I can run csvcut in the released csvkit without the pipe to csvstat. In the github checkout, I can't run any csvkit commands at all without the "does not support the buffer interface" error.

I am on python 3.4.2.

bklaas commented 9 years ago

I setup a virtualenv for python 2.7 and I don't see the issue using it, so the remaining problem appears to be python 3.x-specific.

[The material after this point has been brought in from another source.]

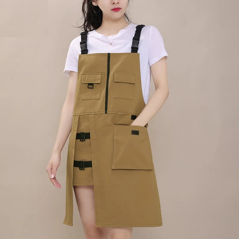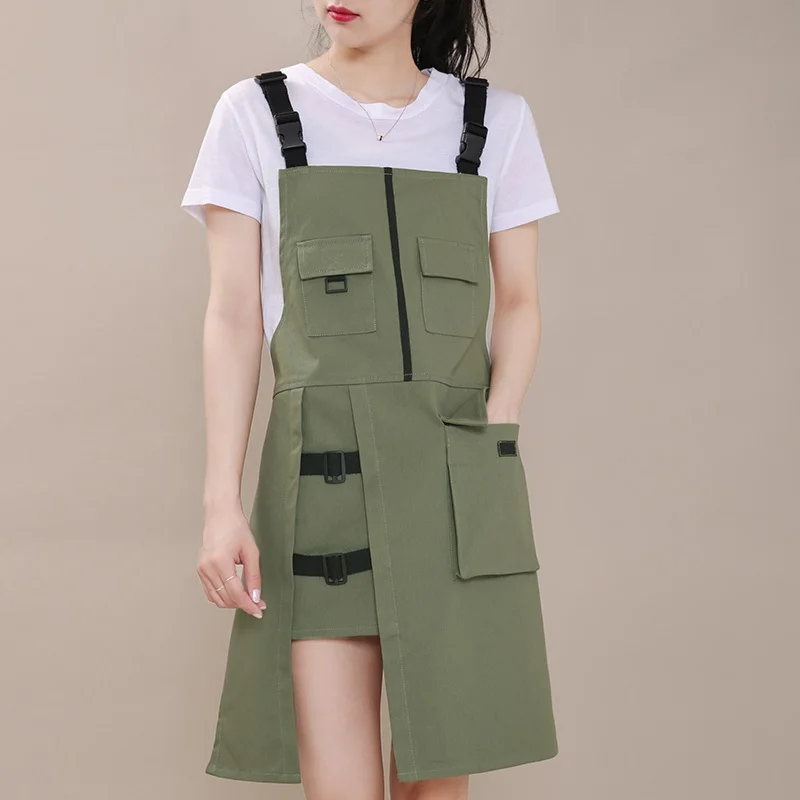 Фартук с большими карманами:Фартука обладает большими карманами нашитым на груди, который является практичным и подходит для различных профессиональных инструментов, таких как рецепты, термометры кухни, кухонные Таймеры, красящие ручки и парикмахерские инструменты. Фартук с эластичной резинкой декоративным поясом и металлической фурнитурой, которая очень модно и красиво.

same command as last comment-- [bklaas@bklaas csvkit]$ csvcut -c variable,label,rec usa_variables.csv | csvstat

  1. variable <type 'unicode'> Nulls: False Unique values: 1310 Max length: 12
  2. label <type 'unicode'> Nulls: False Unique values: 1295 5 most frequent values: Flag for Vacancy: 2 Census year: 2 Record type: 2 Data set number: 2 Internal version of race from the PUMS: 2 Max length: 151
  3. rec <type 'unicode'> Nulls: False Values: H, P

Row count: 1310

onyxfish commented 9 years ago

Annnnnnd I broke the tests.

critmcdonald commented 9 years ago

I'm having this problem on Windows 8. On any file I can't use csvlook or csvstat without getting the "must be str, not bytes". I'm using Python 3.4.3

I was able to use csvsql command which surprised me, but pleasantly so.